What the task requires
Pictures in the records below must be left out. Return exactly the lines from the line with "Набор болтов, гаек" to the line with "Geschenktüte, die mit", both included.

Source information
________________

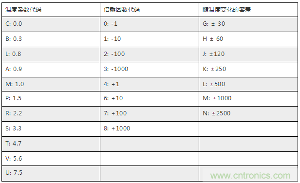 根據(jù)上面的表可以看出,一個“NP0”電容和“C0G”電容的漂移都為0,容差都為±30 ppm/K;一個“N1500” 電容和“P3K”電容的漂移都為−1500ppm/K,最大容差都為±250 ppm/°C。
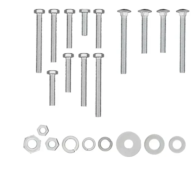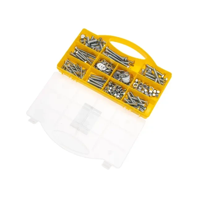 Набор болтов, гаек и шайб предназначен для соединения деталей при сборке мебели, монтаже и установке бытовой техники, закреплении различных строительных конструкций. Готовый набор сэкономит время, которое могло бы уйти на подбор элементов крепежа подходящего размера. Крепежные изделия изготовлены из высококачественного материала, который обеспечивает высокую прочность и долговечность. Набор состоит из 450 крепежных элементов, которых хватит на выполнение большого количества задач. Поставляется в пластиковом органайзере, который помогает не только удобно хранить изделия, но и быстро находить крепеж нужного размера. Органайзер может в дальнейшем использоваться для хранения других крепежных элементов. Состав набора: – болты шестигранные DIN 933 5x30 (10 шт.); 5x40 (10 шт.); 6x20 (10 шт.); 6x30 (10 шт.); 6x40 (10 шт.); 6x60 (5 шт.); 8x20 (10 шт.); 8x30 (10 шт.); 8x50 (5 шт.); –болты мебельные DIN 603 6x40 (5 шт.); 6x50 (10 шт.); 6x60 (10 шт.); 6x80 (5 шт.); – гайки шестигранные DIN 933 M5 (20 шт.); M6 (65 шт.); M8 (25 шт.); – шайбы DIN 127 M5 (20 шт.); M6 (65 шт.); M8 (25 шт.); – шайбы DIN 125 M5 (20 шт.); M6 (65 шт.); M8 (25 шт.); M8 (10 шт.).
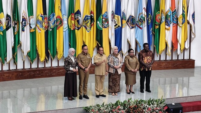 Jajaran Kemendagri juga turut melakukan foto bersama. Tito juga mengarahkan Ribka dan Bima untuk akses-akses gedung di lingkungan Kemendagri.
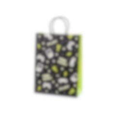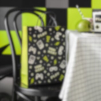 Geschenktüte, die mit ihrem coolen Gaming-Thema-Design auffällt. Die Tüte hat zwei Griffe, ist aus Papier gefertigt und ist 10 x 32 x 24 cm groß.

________________

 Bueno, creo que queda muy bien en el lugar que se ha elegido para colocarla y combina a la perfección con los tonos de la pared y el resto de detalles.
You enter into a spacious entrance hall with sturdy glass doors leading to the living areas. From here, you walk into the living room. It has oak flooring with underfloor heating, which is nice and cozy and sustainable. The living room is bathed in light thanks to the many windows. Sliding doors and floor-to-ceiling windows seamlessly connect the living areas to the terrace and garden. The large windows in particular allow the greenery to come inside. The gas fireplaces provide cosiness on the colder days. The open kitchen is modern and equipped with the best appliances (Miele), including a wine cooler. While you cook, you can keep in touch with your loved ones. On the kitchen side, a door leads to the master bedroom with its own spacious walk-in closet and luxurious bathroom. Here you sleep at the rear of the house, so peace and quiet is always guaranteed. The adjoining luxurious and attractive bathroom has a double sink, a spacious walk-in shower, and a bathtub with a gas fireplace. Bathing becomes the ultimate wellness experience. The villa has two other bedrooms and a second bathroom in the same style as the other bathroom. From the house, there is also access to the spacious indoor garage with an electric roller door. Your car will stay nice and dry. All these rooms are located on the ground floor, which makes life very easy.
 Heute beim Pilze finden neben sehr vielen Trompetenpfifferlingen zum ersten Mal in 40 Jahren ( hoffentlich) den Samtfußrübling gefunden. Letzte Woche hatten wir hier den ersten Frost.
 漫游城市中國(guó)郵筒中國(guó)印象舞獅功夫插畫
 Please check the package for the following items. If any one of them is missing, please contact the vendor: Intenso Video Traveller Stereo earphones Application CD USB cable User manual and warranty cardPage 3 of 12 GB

________________

Written answer
 Набор болтов, гаек и шайб предназначен для соединения деталей при сборке мебели, монтаже и установке бытовой техники, закреплении различных строительных конструкций. Готовый набор сэкономит время, которое могло бы уйти на подбор элементов крепежа подходящего размера. Крепежные изделия изготовлены из высококачественного материала, который обеспечивает высокую прочность и долговечность. Набор состоит из 450 крепежных элементов, которых хватит на выполнение большого количества задач. Поставляется в пластиковом органайзере, который помогает не только удобно хранить изделия, но и быстро находить крепеж нужного размера. Органайзер может в дальнейшем использоваться для хранения других крепежных элементов. Состав набора: – болты шестигранные DIN 933 5x30 (10 шт.); 5x40 (10 шт.); 6x20 (10 шт.); 6x30 (10 шт.); 6x40 (10 шт.); 6x60 (5 шт.); 8x20 (10 шт.); 8x30 (10 шт.); 8x50 (5 шт.); –болты мебельные DIN 603 6x40 (5 шт.); 6x50 (10 шт.); 6x60 (10 шт.); 6x80 (5 шт.); – гайки шестигранные DIN 933 M5 (20 шт.); M6 (65 шт.); M8 (25 шт.); – шайбы DIN 127 M5 (20 шт.); M6 (65 шт.); M8 (25 шт.); – шайбы DIN 125 M5 (20 шт.); M6 (65 шт.); M8 (25 шт.); M8 (10 шт.).
 Jajaran Kemendagri juga turut melakukan foto bersama. Tito juga mengarahkan Ribka dan Bima untuk akses-akses gedung di lingkungan Kemendagri.
 Geschenktüte, die mit ihrem coolen Gaming-Thema-Design auffällt. Die Tüte hat zwei Griffe, ist aus Papier gefertigt und ist 10 x 32 x 24 cm groß.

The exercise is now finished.